You should submit these to publications.


----------



## lostprophet (Apr 29, 2007)

sorry to have to say this but I make it 195,385 in the Salisbury Plain shot

last shot is my fave, reminds of the Andy Rouse shot that was on the cover of the BBC's Wildlife magazine


----------



## SleepingWolf (Apr 29, 2007)

wonderful photos of what must have been a wonderful trip
love the birdies (no bbq comments i promise) and the whaling station


----------



## JTHphoto (Apr 29, 2007)

great shots, anty, love them all, i bet those originals are outstanding... :thumbup:


----------



## MostlyDigital (Apr 29, 2007)

#4 looks like a Phish concert


----------



## Antarctican (Apr 30, 2007)

Thanks everyone for your comments (several of which had me laughing out loud).


----------



## megapaws (May 1, 2007)

Anty, this is a great thread. It is very impressive to see this creatures in their natural setting. Thanks so much for sharing something that most of us will never see for ourselves, just like you said.


----------



## Tangerini (May 1, 2007)

Wow!  Just look at all of those beautiful penguins!  Wonderful series, of what I bet was an amazing trip!


----------



## Chiller (May 1, 2007)

:thumbup: :thumbup: Very cool stuff Anty.   Funny cause I just saw Happy Feet for the first time.


----------



## Fangman (May 2, 2007)

You just post these to make the rest of us jealous.  We have folk comnnected with the Cambridge Antartic survey living near us and can see why they get hooked on the region.  Something special about the Charlie Chaplains of the bird world - always favourites.


----------



## doenoe (May 2, 2007)

great shots :thumbup: 
Those are some great looking pinguins.....and i think im gonna watch happy feet again on my flight back


----------



## Antarctican (May 2, 2007)

Wow, guys, I'm so glad you enjoyed these pics!! Penguins are indeed one of nature's comedians. They are very funny to watch.

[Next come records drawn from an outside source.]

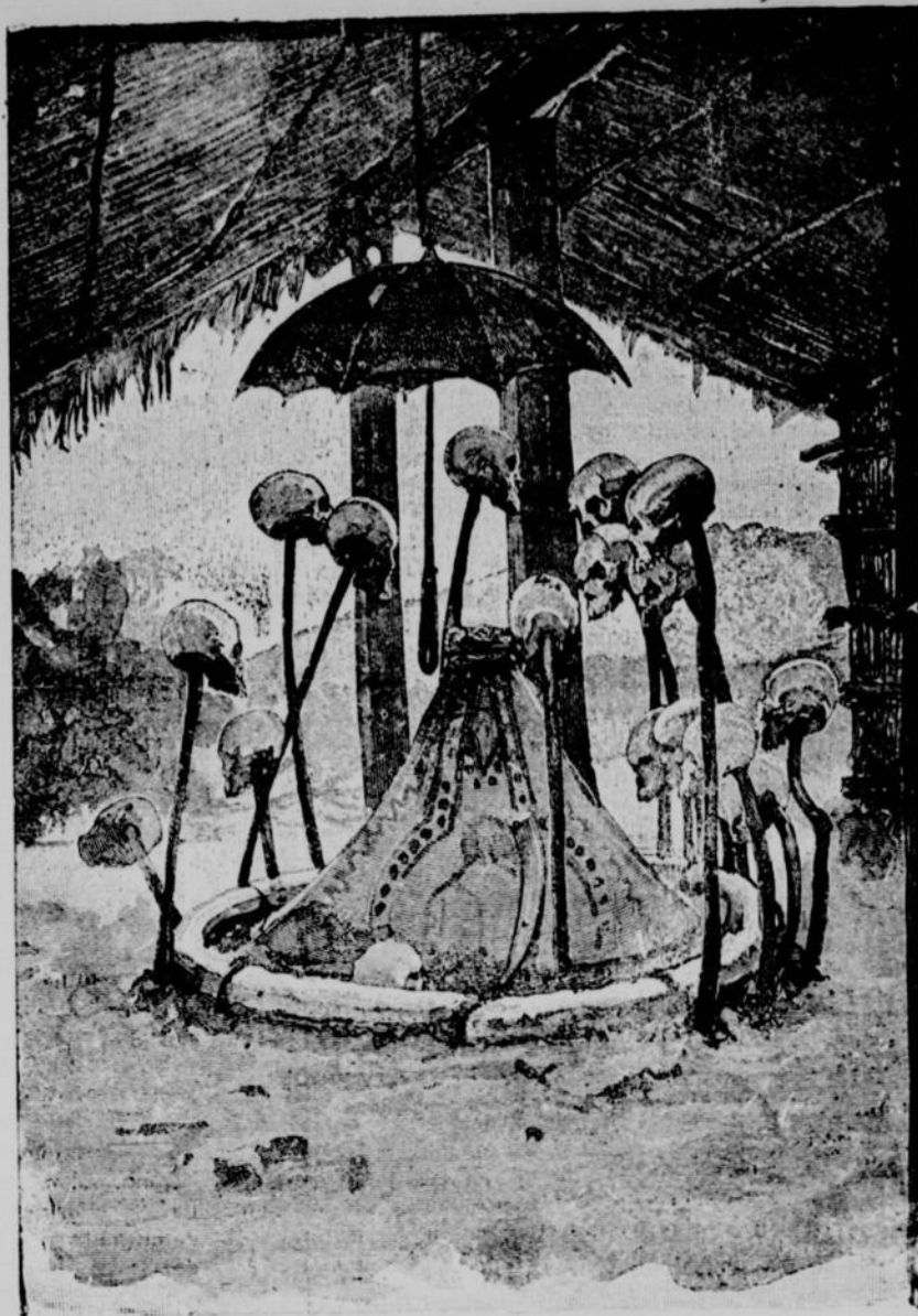
Les crânes décorent le monument.—Page 528, col. 3

Le voyageur italien raconte avoir vu plus d'une fois les parents d'un nègre à l'agonie "lui tirer le nez et les oreilles de toutes leurs forces, lui donner des coups de poing sur le visage, lui agiter les bras et les jambes avec violence et lui fermer la bouche pour l'étouffer plus promptement; d'autres le prenaient par les pieds et par la tête et le laissaient tomber après l'avoir élevé le plus haut possible; d'autres, se mettant à genoux sur sa poitrine, la foulaient de manière à
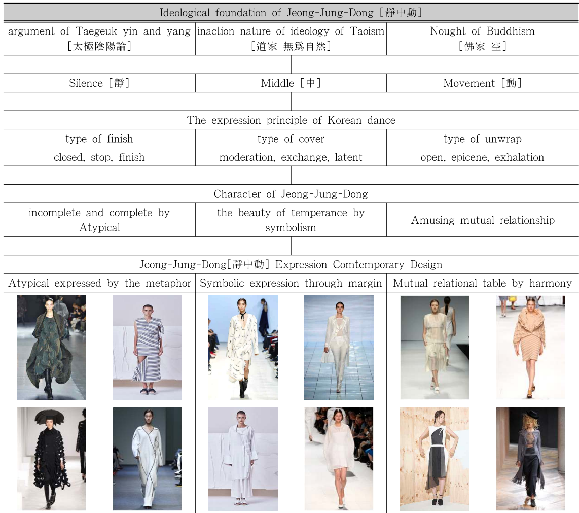
<Table 2> The Jeong-Jung-Dong[Movement in Silence] Expression Comtemporary Design
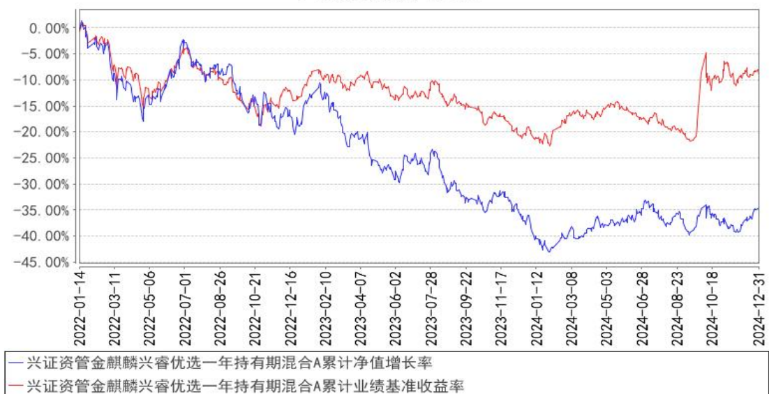
兴证资管金麒麟兴睿优选一年持有期混合A累计净值增长率与同期业绩比较基准收益率的历史走势对比图
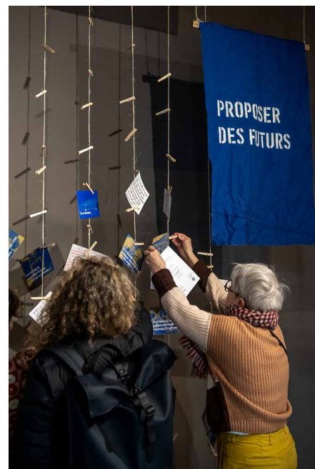
Atelier Raconte-moi tes lendemains qui chantent par Laurence Druon dans le cadre de Réparer le futur.
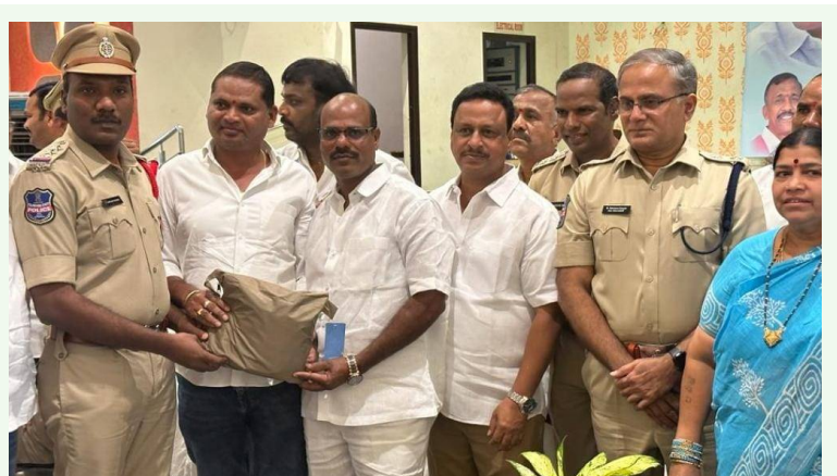
పటాన్నెరపు నియోజకవర్గ పరిధిలోని విధులు నిర్వహిస్తున్న 425 మంది పోలీసులు శాఖ సిబ్బంది పటాన్నెరు ఎమ్మెల్యే గూడెం మహిపాల్ రెడ్డి గారు 4 లక్షల రూపాయలు సొంత నిధులతో అందించిన రైస్ కోట్లను పంపిణీ చేసిన జిల్లా ఎస్పీ రమణ కుమార్. ఈ కార్యక్రమంలో పాల్గొన్న నాయకులు ప్రజాపతి పీఠులు కార్యకర్తలు - పటాన్నెరు (వాయిస్ టుడే)
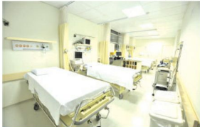
Hospital Vital possui estrutura com 90 leitos, entre apartamentos, enfermaria e UTI

der uma necessidade na região. O prédio foi totalmente modernizado e adequado para instalar um Hospital com capacidade para atender com conforto e eficiência. Foi uma força tarefa, multidisciplinar, um esforço de profissionais que creem no seu trabalho e em sua capacidade e
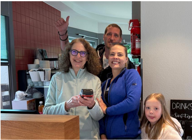
Das Badi-Team ist bereit für die Eröffnung.

Für Wärme sorgten Kafi Luz, Punsch und die fröhliche Atmosphäre vor Ort – und auch die Kinder kamen mit etwas Süßem auf ihre Kosten. Besonders mutig zeigten sich die Gäste, die trotz der kühlen Temperaturen den Sprung ins Wasser wagten.
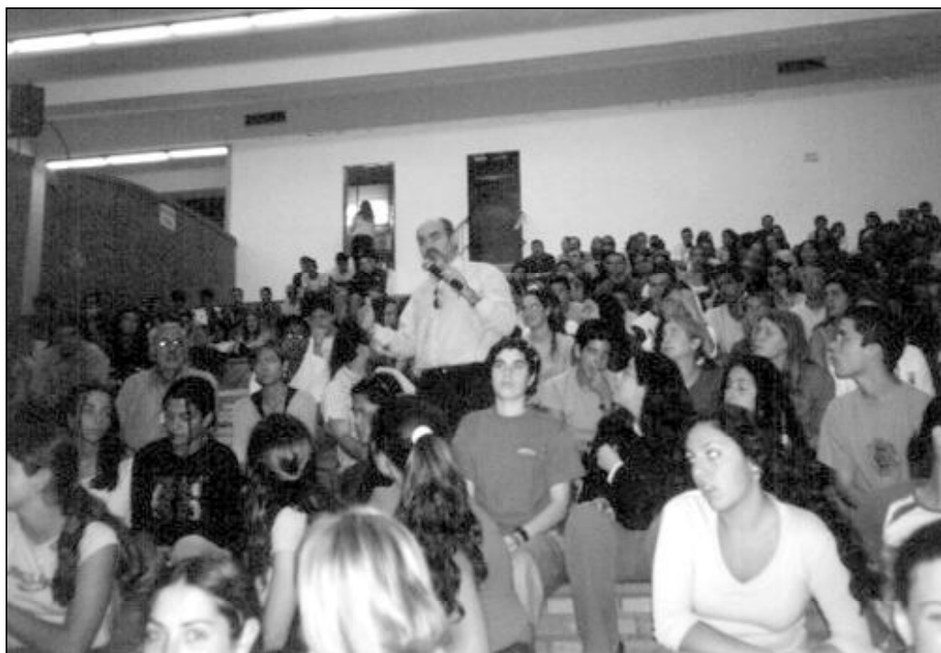
Pastoral Penitenciaria organiza visitas a la prisión para prevenir a los jóvenes sobre los caminos que llevan a la cárcel
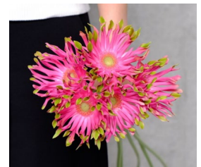
(右) 流通している花
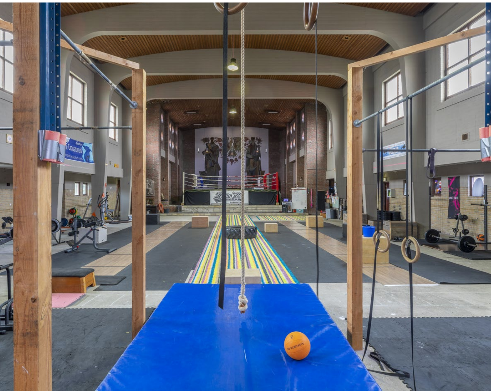
Heilige Nicolaaskerk Den Helder tijdelijk ingericht als sportschool.
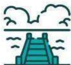
Lago con muelle y kiosco
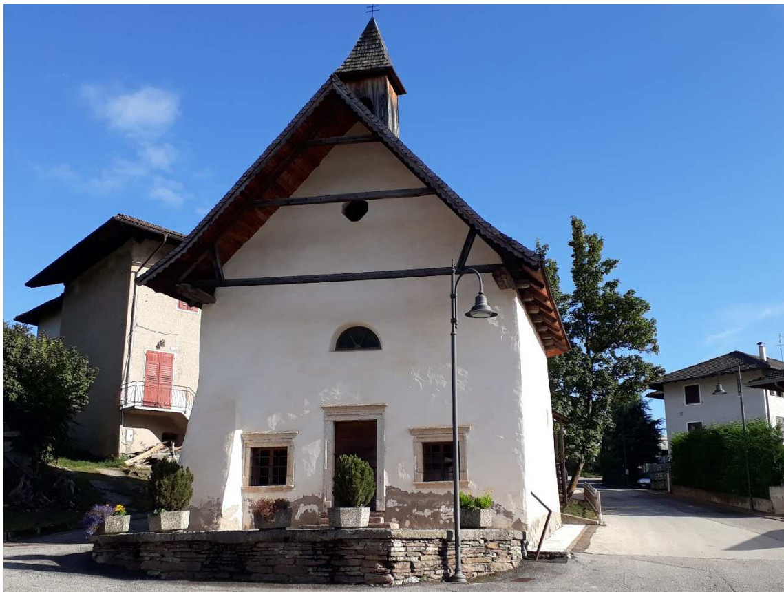
Vista da nord
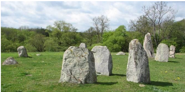
Bautastenarna söder om Örakersgården.

H avängsdösen, Knäbäcksdösen, Verkeåns mynning med hamnanläggningen och skogen i havet. Bautastenar och jordhögar, allt bär på en historia. Många sakkunniga har varit här och gjort utforskningar. Senast utgrävningarna vid Maletofta. Stenåldern, järnåldern, bronsåldern har satt sina spår i landskapet.
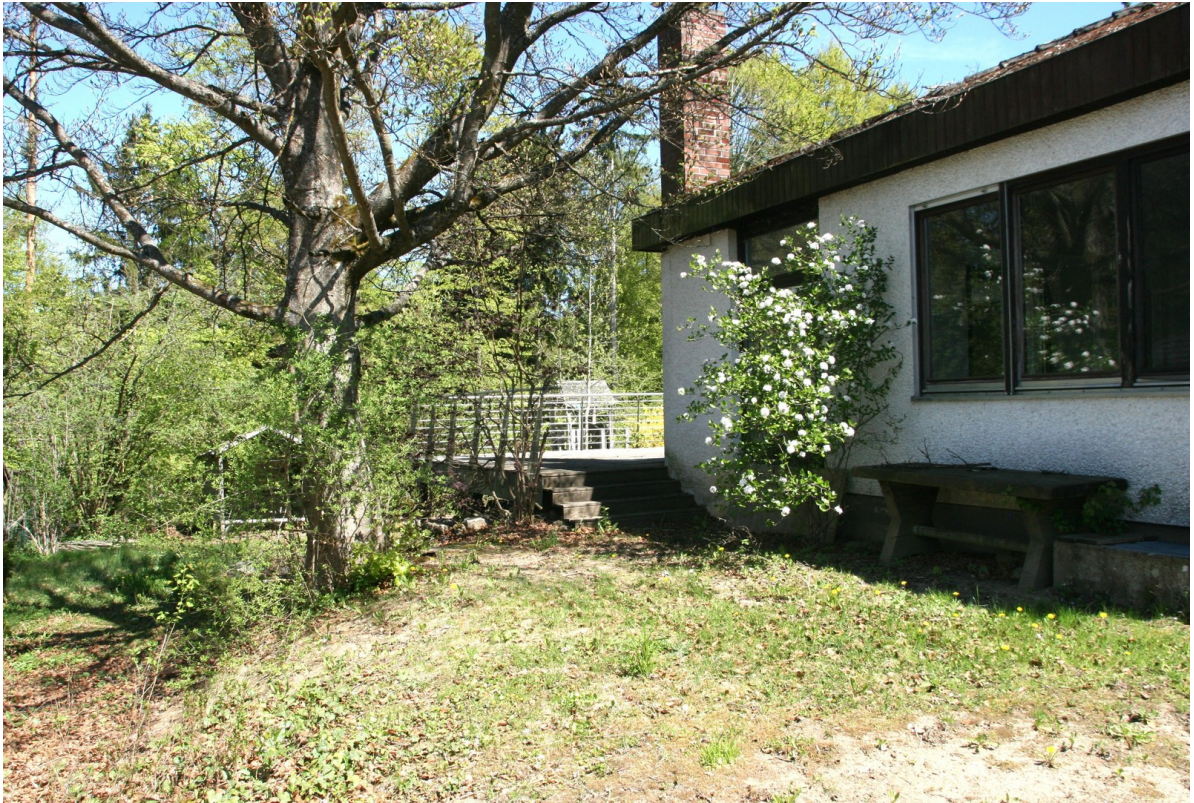
Aussen Zugang Terrasse
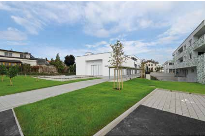
Der Sommer kann kommen - mit Open-Air-Events im Park
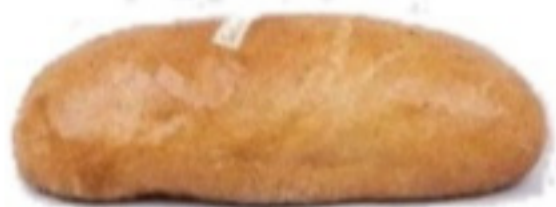
Sečovský 500g (Tmavý)
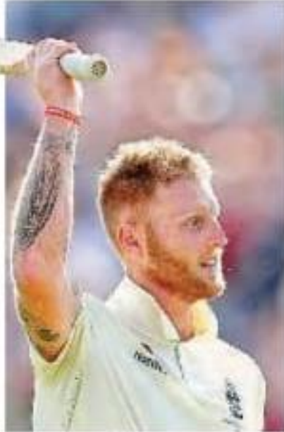
बेन स्टोक्स

विजडन क्रिकेटर्स अलमनैक ने 2020 के अपने संस्करण में 2019 के प्रदर्शन के लिए स्टोक्स को यह सम्मान दिया, जो इससे पहले लगातार तीन वर्षों तक कोहली को मिल रहा था। विराट को 2016, 2017 और 2018 में लगातार तीन बार विजडन
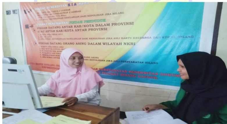
Sumber : Diolah oleh peneliti (27 februari 2023)
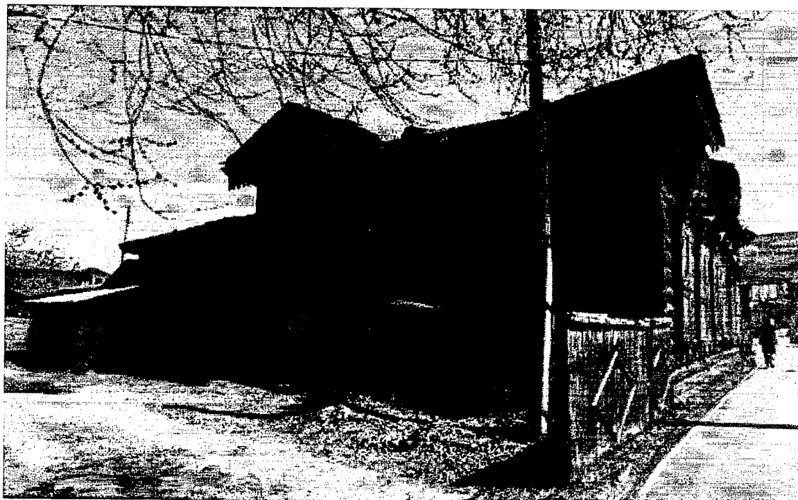
Фото 4 – Боковой северо-западный фасад
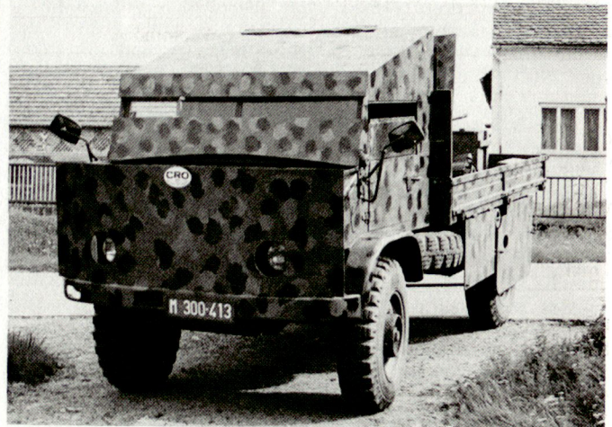
Leicht gepanzerter Geländelastwagen Unimog (1,5t) aus eigener kroatischer Produktion. Auf der Ladebrücke ist in der Regel eine Kanone 20 mm montiert.

Innert weniger Monate ist Jugoslawien zu einem riesigen Waffenumschlagplatz geworden, der nicht nur die überzähligen Bestände des WAPA aufnimmt, sondern auch die Produktion westlicher Firmen und von solchen aus Dritt-Welt-Ländern (Stgw SAR-80) aus Singapur, Präzisionskarabiner Steyr Police, israelische Maschinenpistolen Uzi, deutsche Heckler & Koch MP-5, italienische Franchi-Gewehre (SPAS-12). Finanziert werden die Ankäufe durch die Regierung von Ljubljana und Zagreb, aber auch von Kroaten und Slowenen im Ausland. Die Zufuhr geschieht über österreichisches Territorium. So wurden den slowenischen Reservisten etwa rumänische und ungarische Kalaschnikows ausgeteilt, Steyr-Präzisionsgewehre, Raketenrohre-Armbrust und sogar SA-7-Boden-Luft-Raketen aus ungarischer, eventuell nordkoreanischer Produktion! Insgesamt handelt es sich um leichtes Material, das gut für den Guerillakrieg geeignet ist. Die Raketenrohre
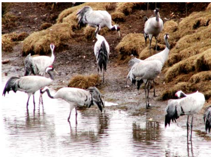
Trognast bland de tidiga turisterna är tranflockarna.

Torparna skulle betala arrende genom dagsverken,
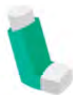
Seretide Evohaler (MDI)
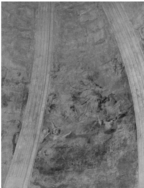
Fig. 5 Plafó Reina
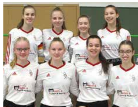
TV Jahn Schneverdingen - 5. Platz.
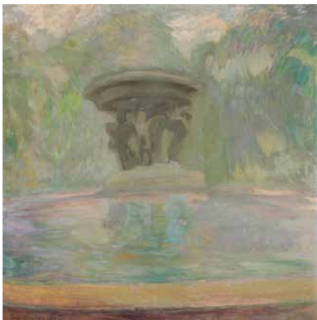
Илл. 1. П.В. Кузнецов. «Фонтан». 1904 г. Холст, темпера, пастель, 99,0 × 96,5 см // Государственный музей искусств Республики Казахстан имени А. Кастеева (Алма-Ата)

ту сразу после ее окончания, он впоследствии ставил на ней год совершенно произвольно. «Дата не имеет никакого значения, – ответил он однажды на вопрос советского и российского искусствоведа А.А. Русаковой (1923-2013) по поводу
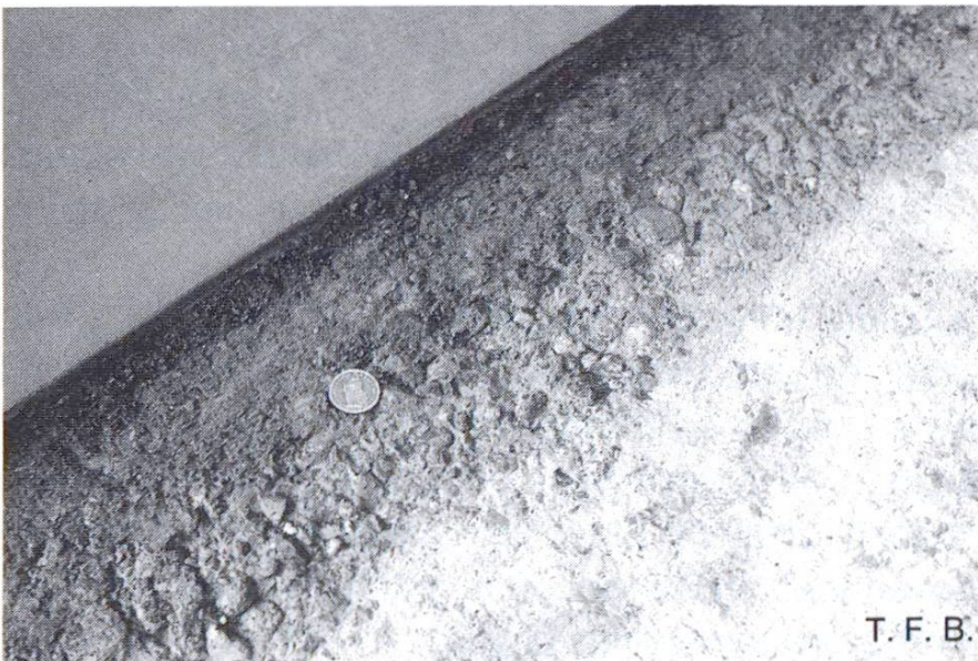
Fig. 9 Joint de reprise dans le béton dur. Il sera bétonné à fleur le jour suivant.

jours. Pendant ce temps – ainsi d'ailleurs qu'en cours d'exécution –, le revêtement est à protéger des courants d'air, de l'ensoleillement et des gouttes d'eau (fermer portes et fenêtres). Durant la période de chauffage, la température ambiante doit en outre se situer entre 5 et 15 °C. Les appareils de déshumidification ne peuvent être mis en service que 28 jours après l'achèvement des revêtements.
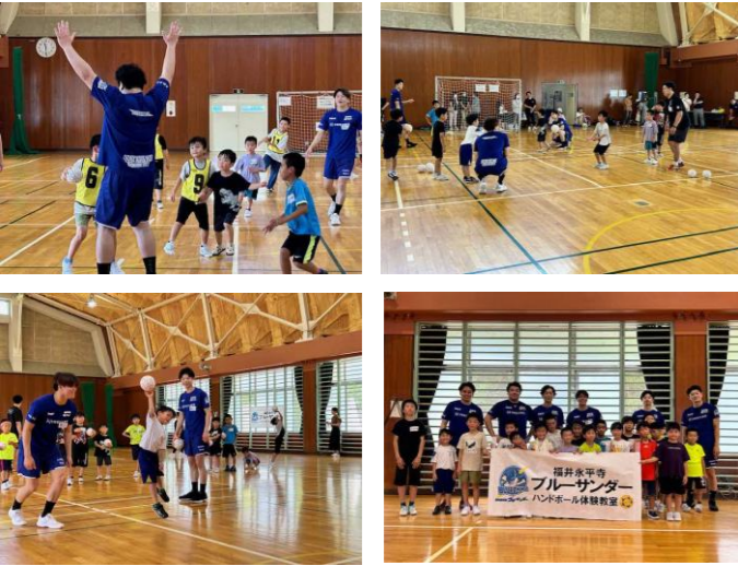
福井永平寺ブルーサンダーの選手のみなさんにハンドボール体験教室をしてもらいました！楽しくプレーできたね♪
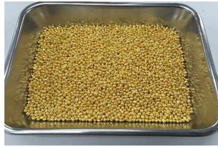
Au (金) ショット 蒸着用高純度ショット
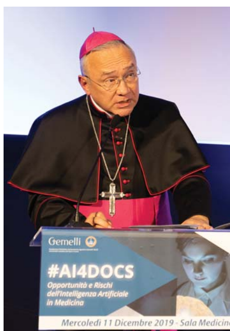
Arcivescovo Edgar Peña Parra
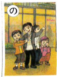
の ノーと言う 心の勇気が 大事だよ
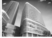
5. Indochina Plaza Hanoi (2012)
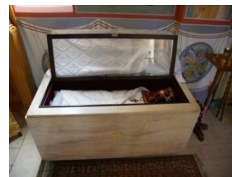
Châsse du Saint père Alexis d'Ugine

Un Molébène devant les reliques du Saint Prêtre Alexis d'Ugine est célébré les mardis à 18h30, (sauf périodes de fêtes)
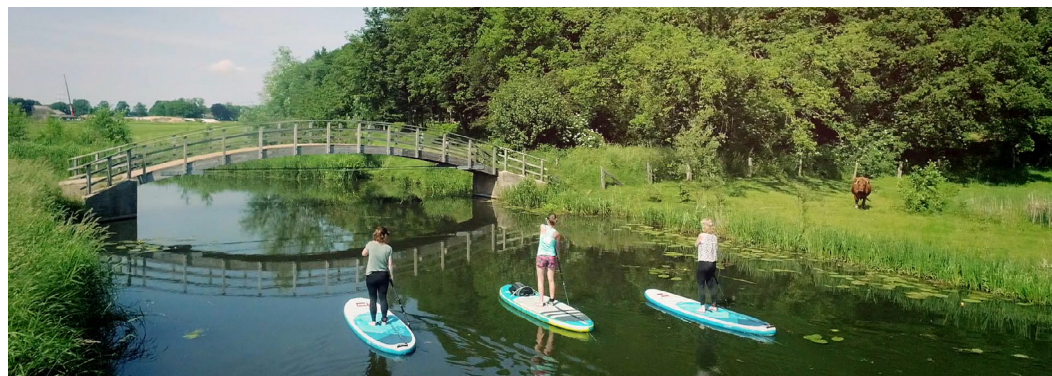
Oude IJsselstreek heeft op recreatief gebied veel te bieden.

Ondernemers in de (toeristische) verblijfsrecreatie binnen de regio Achterhoek die hun aanbod willen verbeteren, lopen vaak tegen grote uitdagingen aan. Een regionaal programmateam is nu actief om ondernemers te stimuleren tot en te ondersteunen bij nieuwe initiatieven om zo de verblijfsrecreatie in de Achterhoek verder te versterken en te verbeteren.

And here's a better scan of the first pic, above...


----------



## William (Jul 31, 2007)

Wow what an amazing experience.  I really love the first and the last.  On the first I would crop out about  1/4 on the right side, removing the penguin in the more immediate foreground and bring the king penguin chick closer to the right 1/3 line.  That would further isolate the brown chik and help add to the whole of this shot.  It is great how you have the subject up close and the diminishing focus to take you all the way through the depth of this shot.


----------



## Raymond J Barlow (Jul 31, 2007)

great series Anti.. I sure wish I had a chance to see these birds!  thanks for all the efforts.


----------



## Antarctican (Aug 1, 2007)

Thanks everyone for your wonderful comments!

Ray, my mind boggles at the thought of the type of pictures you would bring home from an Antarctic trip.  Many bird lovers go on those trips because many hard to find species are viewable. You _must_ put it on your list of places to go.


----------